Recently I tried to explain a struggle in a project to a friend, who had zero knowledge in Reinforcement Learning, that was: my friend set up a suitable action space for an agent to choose to “neglect” a chest in a gridworld, and she thought: “if the agent is smart enough, it should learn how to neglect these chests if necessary.” The key word here is “if necessary”: she did not know what cases should be considered “necessary”. In short, she did not know the optimal policy and under what conditions would make the policy optimal. Say, for example, if you have 10 steps left in the gridworld, and you can both get the chest and the goal in 10 steps, why should you neglect the chest, assume that it gives bonus reward and the number of steps left does not contribute to the reward? Transfer to our problem, in this case, she wonders why the agent does not neglect the chest (expectation), but she does not know how many steps are left, and where is the agent on the gridworld (reality).
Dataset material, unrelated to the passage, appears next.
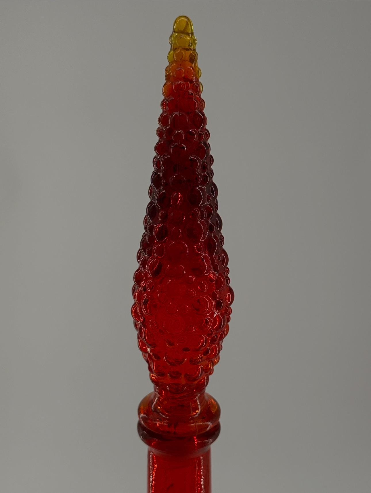 Amberina Red £685 - rare and beautiful bottle featuring tones of mostly red, with orange and golden yellow at the tip of the stopper. Unmarked to base. Plastic insulation to stopper is present and holds firm.
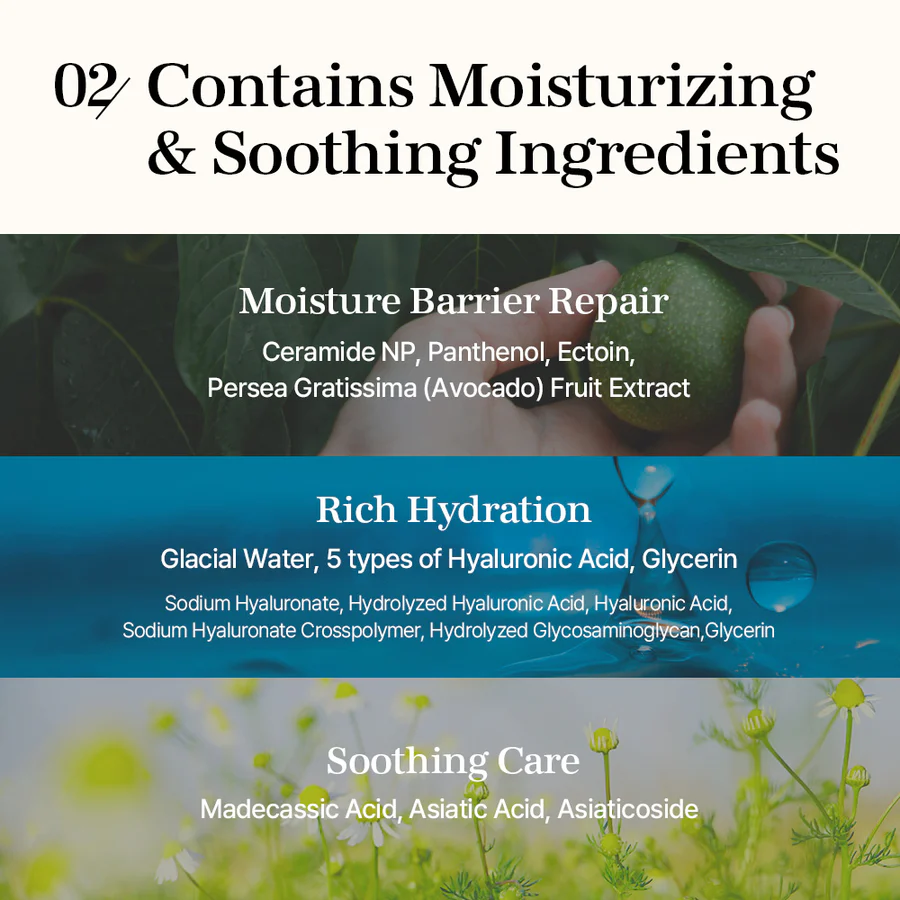 غني بمكونات ترميمية فعالة مثل السيراميد NP والبانثينول التي تعمل على تقوية حاجز البشرة الطبيعي ومنع فقدان الرطوبة. إلى جانب مياه الأنهار الجليدية وخليط من خمسة أنواع من الهيالورونيك أسيد التي تتغلغل في طبقات الجلد لتمنحك ترطيبًا طويل الأمد ونضارة ملموسة.

Now the thing is, how should I explain this struggle to a friend who has zero knowledge in RL. He does not know everything RL: the definitions of states, actions, rewards, optimal policies, etc. Actually, it is easier to give the OpenAI blog post about faulty reward functions, and tells that the struggle is similar to this, but I do not think it is a good explanation: it is still very abstract. Saying that your problem B is similar to problem A does not clearly explain B. I need a better example.

Luckily, simple explanation is one of my specializations. We both play League of Legends, and we all know the famous Faker’s Zed vs Ryu’s Zed highlight. This move is widely considered to be the most mind-blowing moment in LoL history, even up to now (so if you don’t understand what happened, don’t worry I don’t too). One of the factors that helped Faker to do this highlight was he was facing Ryu - a top player in a professional match, and he was in a bad situation: it was hard, thus these actions were necessary to survive.
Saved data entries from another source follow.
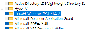 젤 중요한 것은 'Windows 기능 켜기/끄기' 설정에서 Linux용 Windows 하위 시스템을 꺼주는 것이다.
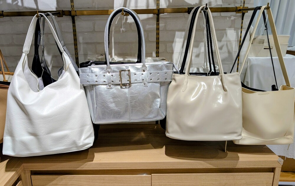 淡い色合いのバッグは、普段の買い物やちょっとした外出にちょうどよさそうなサイズ感。肩に掛けやすく、軽さも意識されたデザインが多い印象です。
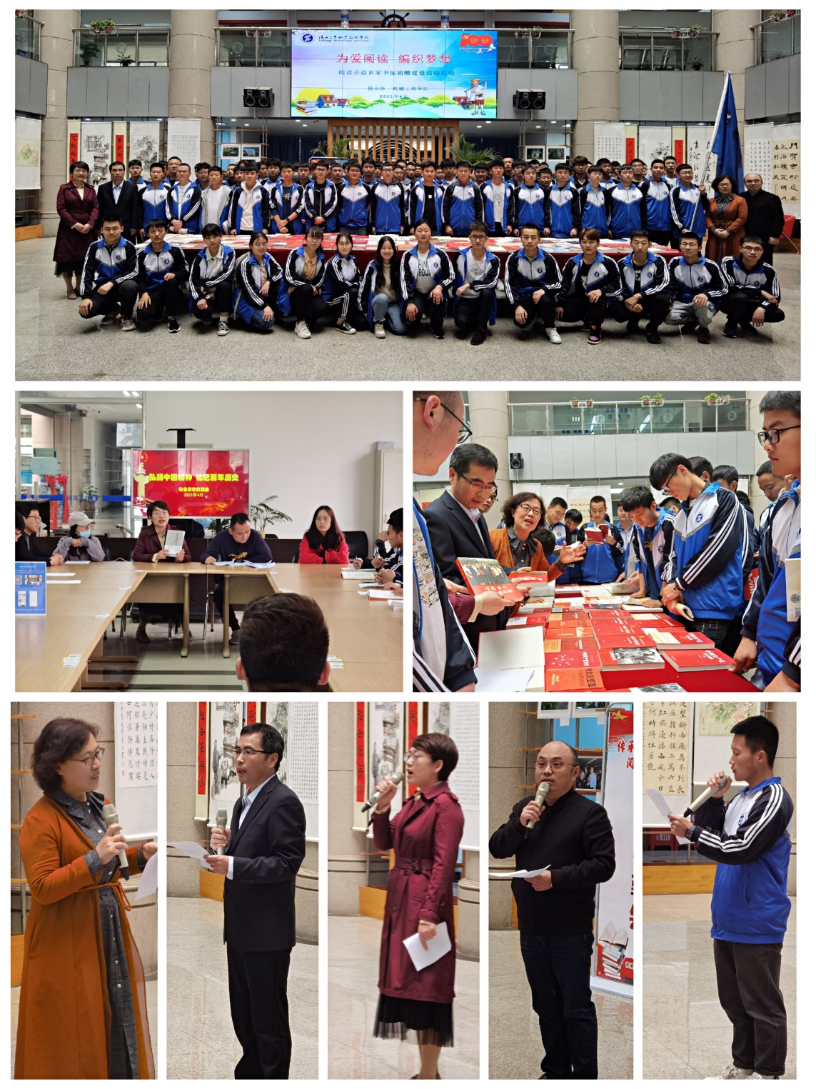 4月20日,图书馆联合纽约国际967线路测试在图书馆一楼大厅举办了“为爱阅读,编织梦想——公益阅读农家书屋捐赠建设活动”启动仪式。纽约国际967线路测试党总支书记苏宏志、图书馆馆长高凤香、副馆长王丁及纽约国际967线路测试百余名师生代表参加了活动。活动由王丁副馆长主持。
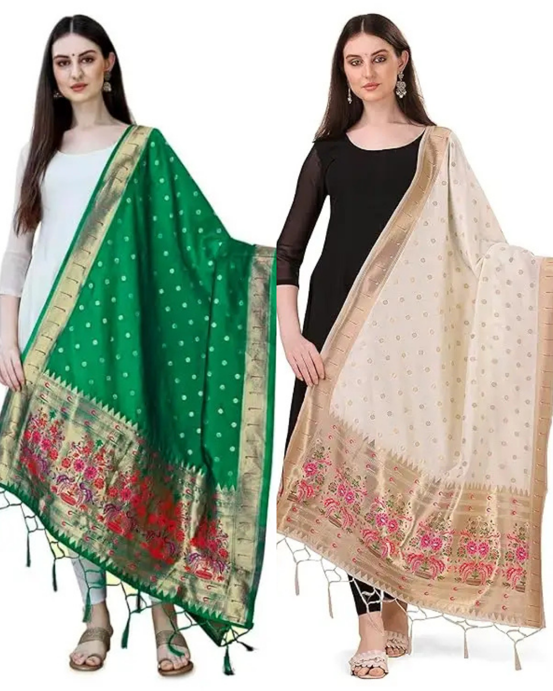 Elegant Parrot Green-White Combo Banarasi Paithani Silk Dupatta / Chunni for Women

Now, instead of the above situation, consider that a player who plays Zed now faces with a champion who cannot resist and has weak defense. Moreover, assume that this Zed has a lot of items that he can kill the champion almost instantly. In this case, is Faker’s talent level necessary? Do you need to perform complex combo? From my point of view and my friends’, we all agree that although it sounds badass, it is not necessary to be Faker to kill that champion.

We then go back to the “if necessary” case: if the situation is simple like the example I just mentioned, the agent does not have to “neglect” the chest - it can simply get both. However, if the situation is like Faker vs Ryu, then Faker’s talent level is necessary. In my friend’s case, she did not know the situation, and she has been wondering about why the agent does not behave as expected for weeks. My answer is simple: “what actions are expected, and why they are expected?”. Sadly, she refuses to listen, so the project has been in that loop ever since.
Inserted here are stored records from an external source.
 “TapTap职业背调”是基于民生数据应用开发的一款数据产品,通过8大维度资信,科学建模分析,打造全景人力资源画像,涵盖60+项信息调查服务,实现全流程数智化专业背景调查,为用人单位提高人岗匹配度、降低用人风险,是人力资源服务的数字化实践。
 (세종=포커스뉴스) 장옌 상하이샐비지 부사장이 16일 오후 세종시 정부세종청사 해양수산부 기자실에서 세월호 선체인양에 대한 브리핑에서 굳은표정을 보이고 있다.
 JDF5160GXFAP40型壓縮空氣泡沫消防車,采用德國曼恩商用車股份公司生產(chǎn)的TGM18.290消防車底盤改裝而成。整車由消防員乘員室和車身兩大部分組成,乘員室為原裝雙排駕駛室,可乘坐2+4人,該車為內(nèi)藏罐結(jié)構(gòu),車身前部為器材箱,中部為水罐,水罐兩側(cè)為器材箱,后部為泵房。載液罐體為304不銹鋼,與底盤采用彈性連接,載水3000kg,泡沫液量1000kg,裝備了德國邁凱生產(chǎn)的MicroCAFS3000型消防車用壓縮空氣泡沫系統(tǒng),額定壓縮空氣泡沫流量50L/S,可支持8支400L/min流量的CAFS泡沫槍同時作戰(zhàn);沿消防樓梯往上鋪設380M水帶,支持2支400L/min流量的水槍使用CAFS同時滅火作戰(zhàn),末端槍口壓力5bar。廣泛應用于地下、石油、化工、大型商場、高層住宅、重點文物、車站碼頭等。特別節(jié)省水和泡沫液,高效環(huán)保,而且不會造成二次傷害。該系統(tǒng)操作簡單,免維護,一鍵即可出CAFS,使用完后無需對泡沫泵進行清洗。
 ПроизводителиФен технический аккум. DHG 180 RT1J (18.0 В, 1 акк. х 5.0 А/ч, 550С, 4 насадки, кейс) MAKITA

From this experience, I think that not knowing a good policy in RL is a dangerous thing: you do not know how good the agent is right now, which can make your evaluation bias. No, randomness is not a solid baseline, especially if the environment requires a sequence of steps. Before diving into RL, make sure you know these things so the bug will be a lot easier to detect. Finally, I would like to insert a message from user hackeronsteriod, who works with AI at Google:

Also, I would suggest not treating RL like a black box. You should have an idea of what a good policy is in your environment, what actions you expect it to do, what reward you expect it to achieve, etc. That will be more reliable to tell if you actually have converged to a good policy.